PROBLEM DESCRIPTION -> Please restate each entry word for word and leave the pictures out.

DATA SHOWN ->
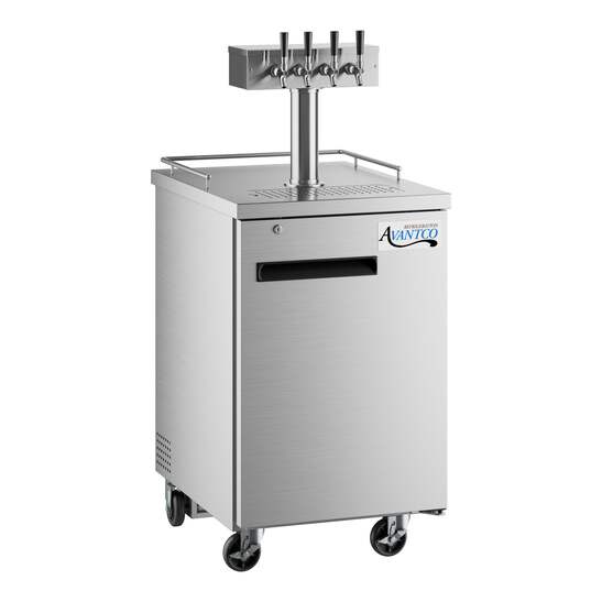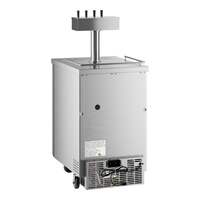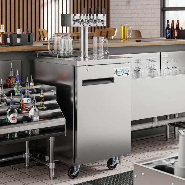 Whether you operate a pub, banquet hall, catering service, or facilitate other special events, this Avantco UDD-2-HC-S triple tap beer dispenser is an excellent way to offer crisp, refreshing draft beer to your guests without investing in a complex built-in tap system! This unit features a triple tap tower with a 10 1/4" faucet height that allows you to easily fill pint glasses and pitchers with local microbrews, international macrobrews, and everything in between. It holds (2) 1/2 kegs so you can stock up on one brew or offer customers a selection to choose from, and it even comes with 2 shelves for optional bottle or can storage while concealing the product behind 2 solid doors. The doors themselves are not only self-closing to prevent potential energy loss, but also lock to prevent theft during off hours.
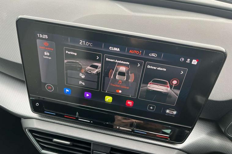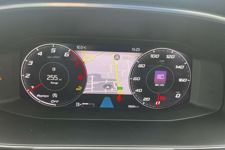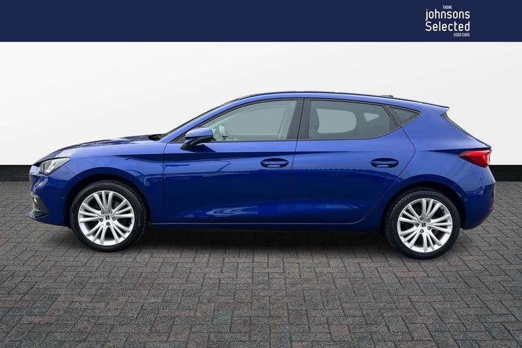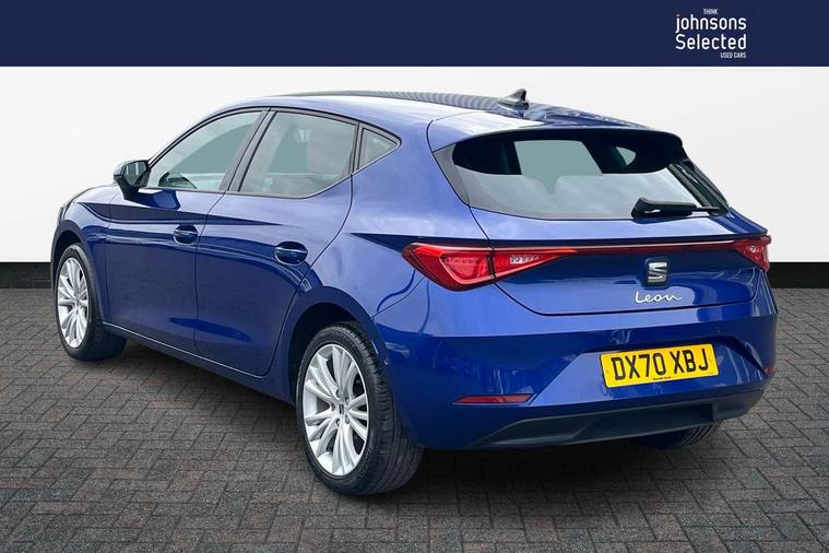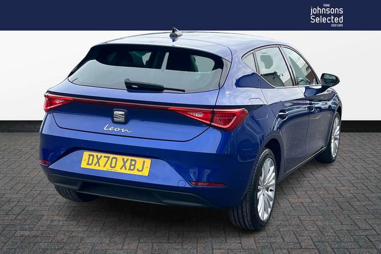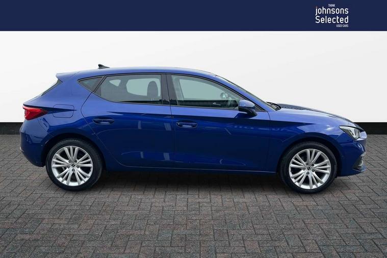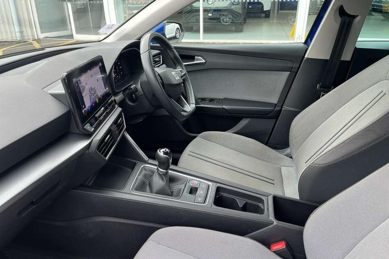 Cruise control with speed limiter, Digital cockpit, Front assist with forward collision warning braking reaction to vehicles, pedestrians and cyclists, Full link smartphone integration with Mirror Link, wireless Apple CarPlay and wired Google Android Auto, Lane keeping system, Lockable tailgate, Park assist (inc front/rear parking sensors), Power assisted speed sensitive electro-mechanical steering, RPM, trip computer, outside temp gauge, instrument light brightness, low fuel warning light, lights on reminder, gearshift indicator, Service interval indicator, Start/stop system with regenerative braking, Standard suspension, XDS electronic differential lock and dynamic traction support, Auxiliary input socket, Body colour door handles, Body coloured bumpers, Body coloured exterior mirrors with integrated LED indicators, Dark tinted rear windows, Electric front/rear windows, Electrically adjustable and heated door mirrors, LED front fog lamps with cornering function, LED headlights and LED tail lights, LED rear fog lamp, Manual dimming rear view mirror, Rear wash/wipe, Separate daytime running light with automatic headlight control, 12v power point in centre console, 60/40 split rear bench seat, Air conditioning, Cloth upholstery, Driver seat lumbar adjustment, Driver/passenger manual seat height adjustment, Dust/pollen filter, Folding boot cover, Front and rear height adjustable headrests, Front and rear reading lights X 4, Front seatback storage pockets, Height/reach adjust steering wheel, Interior lighting with LED lighting in sunvisor, glovebox and rear headlining, ISOFIX points in outer rear seats with top tether anchorage points, Leather flat bottomed, perforated steering wheel and leather gearstick, Luggage tie-down hooks, Sunvisors with covered illuminated mirror, Media system plus with navigation - Leon SE, 3 point seatbelts on all rear seats, ABS, Brake control system - ESC and brake booster, Child proof door locks, Driver and front passenger airbags with front passenger airbag de-activation, front side and curtain airbags, Electronic parking brake, Extended safety system - seat belt tensioner, window closure and hazard lights, Hill hold control, Rear disc brakes, Seat belt reminder for front and rear seats, Tiredness recognition system, driver alert system, Tyre pressure monitoring system, Anti theft alarm system with interior monitoring in cab, backup horn and towing protection, KESSY Go (Keyless start), Locking wheel bolts, Chrome interior detailing, 17" Dynamic tri-spoke alloy wheels with 91W tyres, Tool kit,
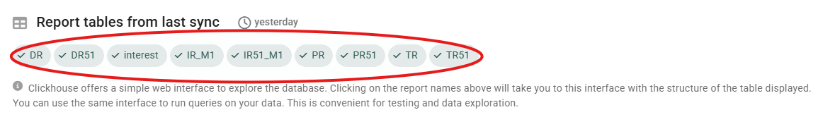 Tip: For easy testing and data exploration, click any report name to open the Clickhouse web interface. This displays the table structure and allows you to run queries directly on your data.
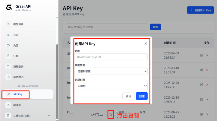 获取方法:进入Grsai APi(Grsai.ai ai域名国内可访问,com需要魔法) 创建Apikey并复制,https://grsai.ai/zh/dashboard/api-keys
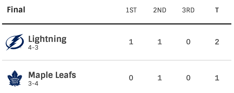 Tampa Bay Lightning vs Toronto Maple Leafs. Round one. Game seven. Winner moves on to round two. The Lightning took a 1-0 lead after the first period. The Maple Leafs tied the game in the second period. The Lightning would take the lead into the third period. No one scored in the third period. The final score was 2-1 Lightning. The Lightning won the series. They will be moving on to round two. The Maple Leafs have been eliminated from the playoffs.
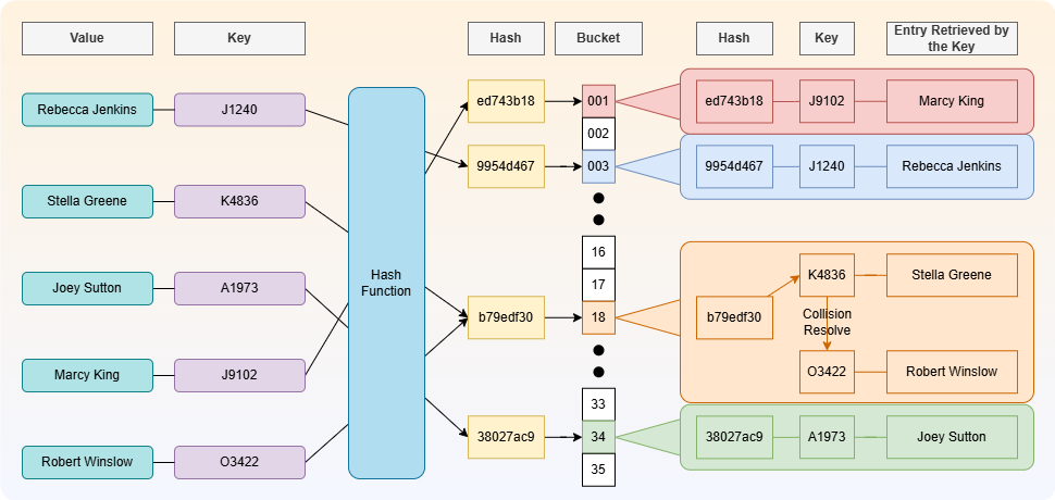 Bucket Value: Data are stored in the HashMap bucket, which can be of a primitive data type, structured, or a complex one. You can even nest HashMaps in the HashMap bucket.

RESPONSE TO THIS EXERCISE ->
 Whether you operate a pub, banquet hall, catering service, or facilitate other special events, this Avantco UDD-2-HC-S triple tap beer dispenser is an excellent way to offer crisp, refreshing draft beer to your guests without investing in a complex built-in tap system! This unit features a triple tap tower with a 10 1/4" faucet height that allows you to easily fill pint glasses and pitchers with local microbrews, international macrobrews, and everything in between. It holds (2) 1/2 kegs so you can stock up on one brew or offer customers a selection to choose from, and it even comes with 2 shelves for optional bottle or can storage while concealing the product behind 2 solid doors. The doors themselves are not only self-closing to prevent potential energy loss, but also lock to prevent theft during off hours.
 Cruise control with speed limiter, Digital cockpit, Front assist with forward collision warning braking reaction to vehicles, pedestrians and cyclists, Full link smartphone integration with Mirror Link, wireless Apple CarPlay and wired Google Android Auto, Lane keeping system, Lockable tailgate, Park assist (inc front/rear parking sensors), Power assisted speed sensitive electro-mechanical steering, RPM, trip computer, outside temp gauge, instrument light brightness, low fuel warning light, lights on reminder, gearshift indicator, Service interval indicator, Start/stop system with regenerative braking, Standard suspension, XDS electronic differential lock and dynamic traction support, Auxiliary input socket, Body colour door handles, Body coloured bumpers, Body coloured exterior mirrors with integrated LED indicators, Dark tinted rear windows, Electric front/rear windows, Electrically adjustable and heated door mirrors, LED front fog lamps with cornering function, LED headlights and LED tail lights, LED rear fog lamp, Manual dimming rear view mirror, Rear wash/wipe, Separate daytime running light with automatic headlight control, 12v power point in centre console, 60/40 split rear bench seat, Air conditioning, Cloth upholstery, Driver seat lumbar adjustment, Driver/passenger manual seat height adjustment, Dust/pollen filter, Folding boot cover, Front and rear height adjustable headrests, Front and rear reading lights X 4, Front seatback storage pockets, Height/reach adjust steering wheel, Interior lighting with LED lighting in sunvisor, glovebox and rear headlining, ISOFIX points in outer rear seats with top tether anchorage points, Leather flat bottomed, perforated steering wheel and leather gearstick, Luggage tie-down hooks, Sunvisors with covered illuminated mirror, Media system plus with navigation - Leon SE, 3 point seatbelts on all rear seats, ABS, Brake control system - ESC and brake booster, Child proof door locks, Driver and front passenger airbags with front passenger airbag de-activation, front side and curtain airbags, Electronic parking brake, Extended safety system - seat belt tensioner, window closure and hazard lights, Hill hold control, Rear disc brakes, Seat belt reminder for front and rear seats, Tiredness recognition system, driver alert system, Tyre pressure monitoring system, Anti theft alarm system with interior monitoring in cab, backup horn and towing protection, KESSY Go (Keyless start), Locking wheel bolts, Chrome interior detailing, 17" Dynamic tri-spoke alloy wheels with 91W tyres, Tool kit,
 Tip: For easy testing and data exploration, click any report name to open the Clickhouse web interface. This displays the table structure and allows you to run queries directly on your data.
 获取方法:进入Grsai APi(Grsai.ai ai域名国内可访问,com需要魔法) 创建Apikey并复制,https://grsai.ai/zh/dashboard/api-keys
 Tampa Bay Lightning vs Toronto Maple Leafs. Round one. Game seven. Winner moves on to round two. The Lightning took a 1-0 lead after the first period. The Maple Leafs tied the game in the second period. The Lightning would take the lead into the third period. No one scored in the third period. The final score was 2-1 Lightning. The Lightning won the series. They will be moving on to round two. The Maple Leafs have been eliminated from the playoffs.
 Bucket Value: Data are stored in the HashMap bucket, which can be of a primitive data type, structured, or a complex one. You can even nest HashMaps in the HashMap bucket.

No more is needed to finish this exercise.